Деревень вдоль дороги по-прежнему не было, но лес поредел, из лиственных зарослей превратясь в чистый бор с моховой подстилкой вместо травы. Пахло грибами и сыростью. После вечерних откровений юный Гончаров молчал, насупившись. Саша, прикрыв глаза, вдыхал запахи, напоминающие ему детство и прогулки с няней. Когда сквозь грёзы прорвался хруст сухих веток и конский храп, Пушкин не сразу понял, в чём дело. Очнувшись от своих мыслей, он увидел сперва, что Степан Булатович взводит карабин, а возница пытается успокоить и заставить идти вперёд лошадей. Только потом Александр заметил стоящего среди деревьев на задних лапах медведя. Тот прижал уши и поводил носом, принюхиваясь. Передние лапы его были опущены, совсем как руки у человека. Бурая тёмная шерсть лоснилась, зверь выглядел сыто и как будто улыбался, глядя на людей. Но волнение унтер-офицера и кучера, наверняка не понаслышке знающих, с кем имеют дело, свидетельствовало о серьёзности положения. Пушкин сполз на дно телеги и потянул за собой Митю. Тот непонимающе запротестовал было, но, увидев медведя, закрыл рукой рот и подчинился. И вовремя. Лошади, только что, как Гончаров, не желавшие слушаться возницу, вдруг понесли, мотая повозку из стороны в сторону. И тут медведь побежал. Всё произошло в долю секунды – вот он стоял среди сосен, а вот он галопирует по дороге прямо за вихляющей телегой. Саша почти лёг на дно, всё ещё держа Митю за предплечье, когда прогремел выстрел. Пушкин поднял голову. На облучке, выпрямившись во весь рост и балансируя, как в цирке, стоял Степан Алиев с дымящим карабином в руках. Мёртвый медведь остался лежать на земле, расстояние между ними стремительно увеличивалось.
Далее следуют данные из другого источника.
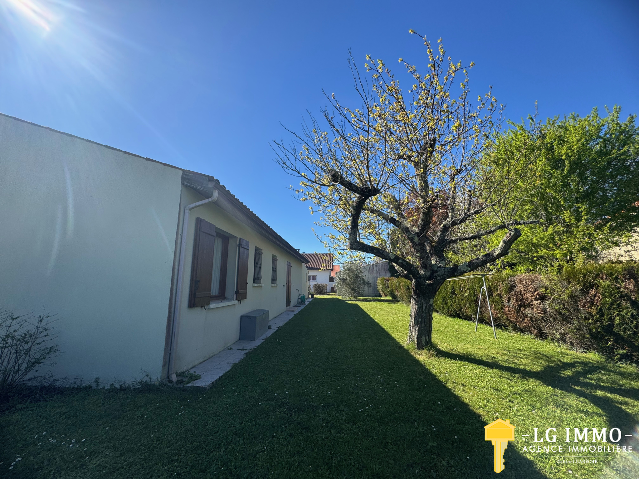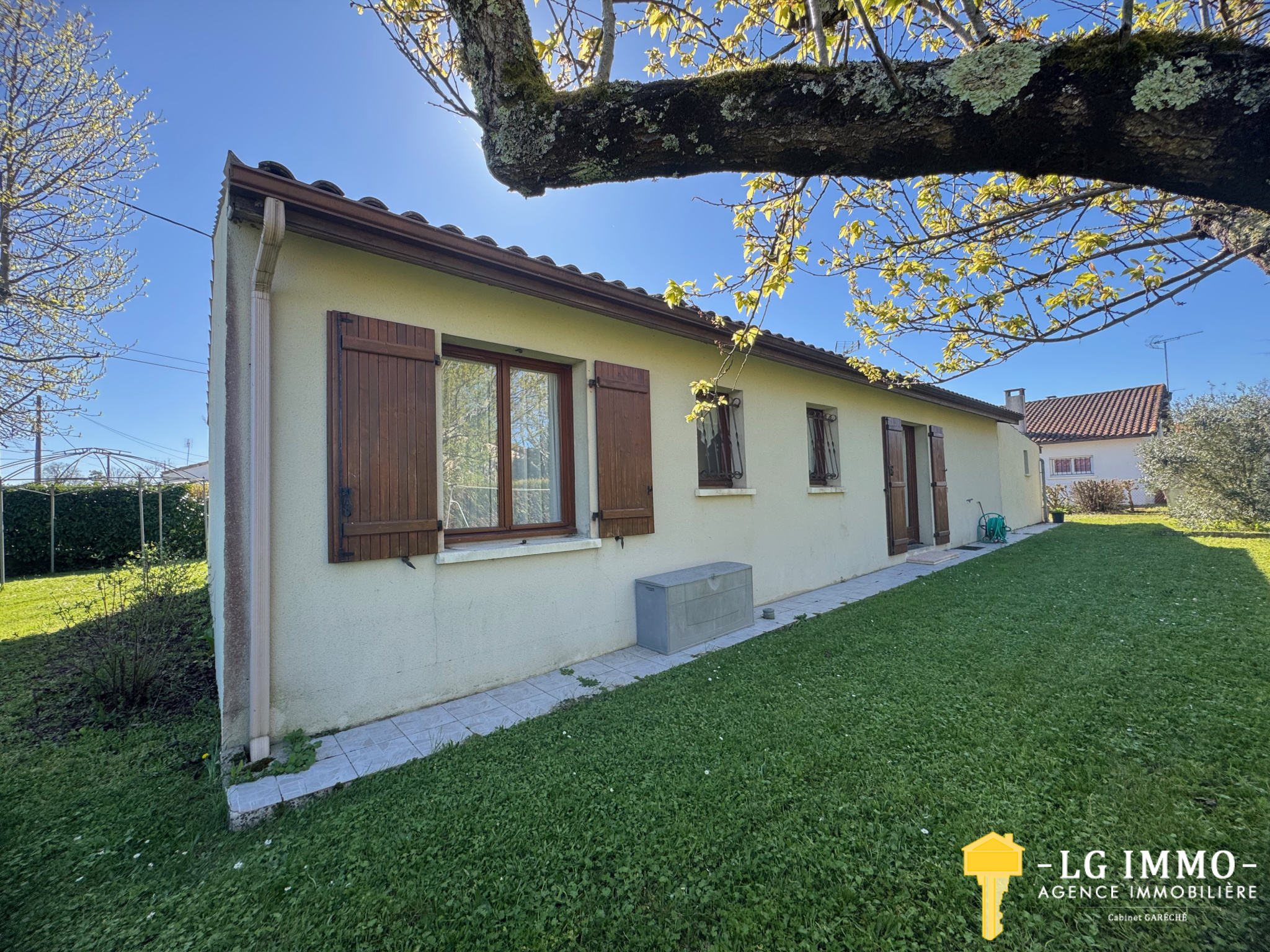 Maison de plain-pied, construite en deux temps, une première partie en 1992 de 70 m2 à remettre au goût du jour et une seconde partie en 2008 de 24 m2, soit un total de 94 m2 entourée de son jardin clos et arboré de 557 m2. Elle se compose d’un séjour /salon de 30 m2 avec deux portes fenêtres donnant accès au jardin, une cuisine aménagée et équipée de 7,65 m2, un cellier avec fenêtre de 4,62 m2 ainsi qu’un dégagement desservant un premier espace nuit comprenant deux chambres dont une avec placard de 10,38 m2 et 11,07 m2, une salle de bains de 5,13 m2 avec douche, baignoire, lavabo et bidet ainsi que des toilettes séparés. De l’autre côté du séjour, dégagement donnant accès à l’agrandissement de 24 m2 composé d’une chambre avec porte fenêtre sur la terrasse et d’une salle d’eau avec des toilettes. Un garage attenant de 19 m2 isolé complète ce bien ainsi qu’un atelier de 17 m2 situé au fond du jardin. Maison non mitoyenne, reliée au tout à l’égout, ouvertures en double vitrage bois, chauffage par radiateurs électriques, isolation du grenier par laine pulsée en 2020 et toiture en bon état. Honoraires inclus à la charge de l'Acquéreur d'un montant de 9 250 € et un prix net vendeur de 189 000 €. Foncier : 1025 €. Pour tous renseignements, merci de contacter Valérie Houdiard au 06 32 72 67 16 ou par mail : valerie.houdiardlgimmo@gmail.com Les surfaces indiquées sont données à titre indicatif et n’ont aucune valeur contractuelle. Les informations sur les risques auxquels ce bien est exposé sont disponibles sur le site Géorisques.

Александр вскочил и подал унтер-офицеру руку. Тот принял помощь и, наконец, смог сесть на своё место. Лошади, постепенно успокаиваясь, перешли на шаг.
– Х-х-хорошая была бы шуба, – попытался продемонстрировать хладнокровие Гончаров, возвращаясь на верёвочное сиденье.
– Назад не поедем, – резко бросил Алиев. – Хотя медвежье мясо не было бы лишним. Скажу солдатам из следующего острога, пускай подберут.
– Вы – лучший стрелок, которого я когда-либо видел! – не удержался от комплимента Пушкин. Его впечатлило, на какой риск пошёл унтер-офицер. – И ведь вас могло уронить отдачей!
Степан Булатович пожал плечами:
– Могло. Но попасть на обед косолапому было вернее. К тому же, я с детства стреляю с лошади, дело привычки.
Отлично владеющий как пистолетами, так и навыками верховой езды, Александр не поверил, что это было так уж легко, и проникся к Алиеву уважением.
К счастью, оставшийся путь был без приключений. Днём ехали, ночевали в острогах. Однажды пошёл дождь, совсем осенний – мелкий и нудный. Плащи часа через три дороги промокли, в крепости прохудилась крыша, на полу стояли лужи, и просохнуть во время остановки не было никакой возможности. Митя начал чихать, нос его покраснел и нещадно тёк. Степан Булатович сжалился над ним и на следующую ночь остановился в городе Таре, в гостинице. Конечно, никаких разговоров с посторонними он не допустил, зато у Александра и Дмитрия был тёплый сухой номер с постелями и горячая еда за Митин счёт.
Наутро, после сытного завтрака, выехали снова на восток. У переправы через Иртыш пришлось обождать – на паром, состоящий из двух сцепленных между собой больших плоскодонных лодок, грузили почтовую кибитку. Фельдъегерь и арестант стояли у воды. Чуть поодаль остановились три экипажа, возле которых ожидали две по-столичному одетые дамы с маленькой девочкой лет четырёх.
Алиев спрыгнул с облучка и подошёл к паромщику, видимо, договориться об очерёдности переправы. Фельдъегерь отвлёкся на вновь прибывших. Дама постарше, воспользовавшись этим, махнула арестанту платком, тот ответил воздушным поцелуем и, отвернувшись, полез в лодку.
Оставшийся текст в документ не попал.